• Source material:
────────────────────────────────────────

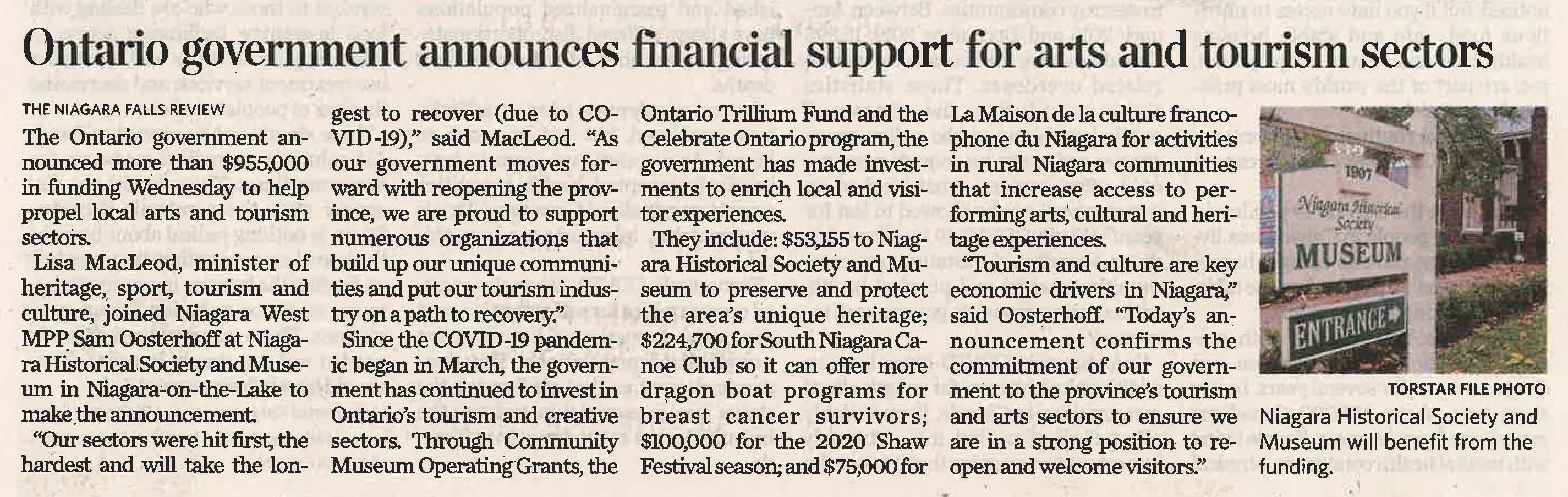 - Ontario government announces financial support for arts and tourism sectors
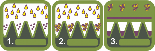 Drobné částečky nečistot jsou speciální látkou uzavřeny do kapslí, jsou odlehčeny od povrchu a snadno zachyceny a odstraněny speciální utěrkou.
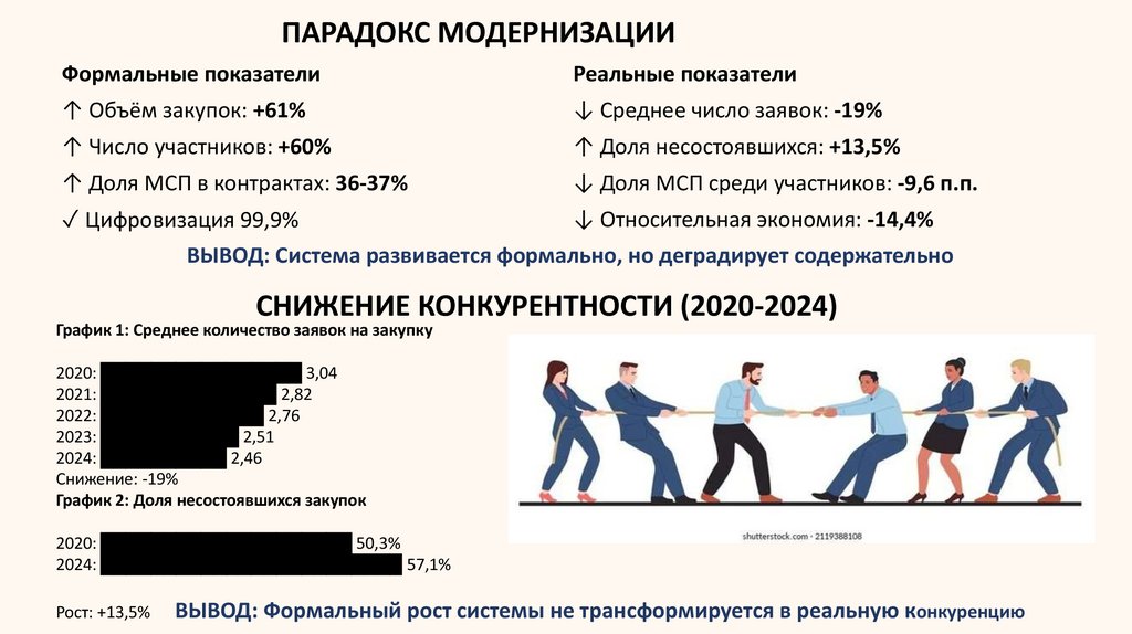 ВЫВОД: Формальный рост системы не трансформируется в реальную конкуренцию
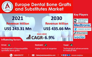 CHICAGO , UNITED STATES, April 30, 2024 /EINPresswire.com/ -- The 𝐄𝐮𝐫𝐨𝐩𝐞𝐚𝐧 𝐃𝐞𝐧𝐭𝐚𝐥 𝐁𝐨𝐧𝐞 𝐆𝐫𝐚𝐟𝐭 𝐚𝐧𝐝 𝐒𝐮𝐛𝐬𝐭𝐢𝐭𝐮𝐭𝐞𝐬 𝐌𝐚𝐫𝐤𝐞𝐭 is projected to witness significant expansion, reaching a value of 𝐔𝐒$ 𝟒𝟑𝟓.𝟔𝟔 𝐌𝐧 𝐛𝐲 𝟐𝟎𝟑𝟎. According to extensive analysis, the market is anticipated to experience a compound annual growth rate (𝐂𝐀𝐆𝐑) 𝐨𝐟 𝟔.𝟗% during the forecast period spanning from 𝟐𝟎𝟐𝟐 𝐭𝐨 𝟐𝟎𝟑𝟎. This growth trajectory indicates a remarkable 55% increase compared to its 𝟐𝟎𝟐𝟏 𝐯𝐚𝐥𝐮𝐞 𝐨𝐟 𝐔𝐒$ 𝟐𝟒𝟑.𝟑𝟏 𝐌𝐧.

────────────────────────────────────────

• Your assignment: All of the listing above must be output exactly, except for its pictures.

• Written solution:
 - Ontario government announces financial support for arts and tourism sectors
 Drobné částečky nečistot jsou speciální látkou uzavřeny do kapslí, jsou odlehčeny od povrchu a snadno zachyceny a odstraněny speciální utěrkou.
 ВЫВОД: Формальный рост системы не трансформируется в реальную конкуренцию
 CHICAGO , UNITED STATES, April 30, 2024 /EINPresswire.com/ -- The 𝐄𝐮𝐫𝐨𝐩𝐞𝐚𝐧 𝐃𝐞𝐧𝐭𝐚𝐥 𝐁𝐨𝐧𝐞 𝐆𝐫𝐚𝐟𝐭 𝐚𝐧𝐝 𝐒𝐮𝐛𝐬𝐭𝐢𝐭𝐮𝐭𝐞𝐬 𝐌𝐚𝐫𝐤𝐞𝐭 is projected to witness significant expansion, reaching a value of 𝐔𝐒$ 𝟒𝟑𝟓.𝟔𝟔 𝐌𝐧 𝐛𝐲 𝟐𝟎𝟑𝟎. According to extensive analysis, the market is anticipated to experience a compound annual growth rate (𝐂𝐀𝐆𝐑) 𝐨𝐟 𝟔.𝟗% during the forecast period spanning from 𝟐𝟎𝟐𝟐 𝐭𝐨 𝟐𝟎𝟑𝟎. This growth trajectory indicates a remarkable 55% increase compared to its 𝟐𝟎𝟐𝟏 𝐯𝐚𝐥𝐮𝐞 𝐨𝐟 𝐔𝐒$ 𝟐𝟒𝟑.𝟑𝟏 𝐌𝐧.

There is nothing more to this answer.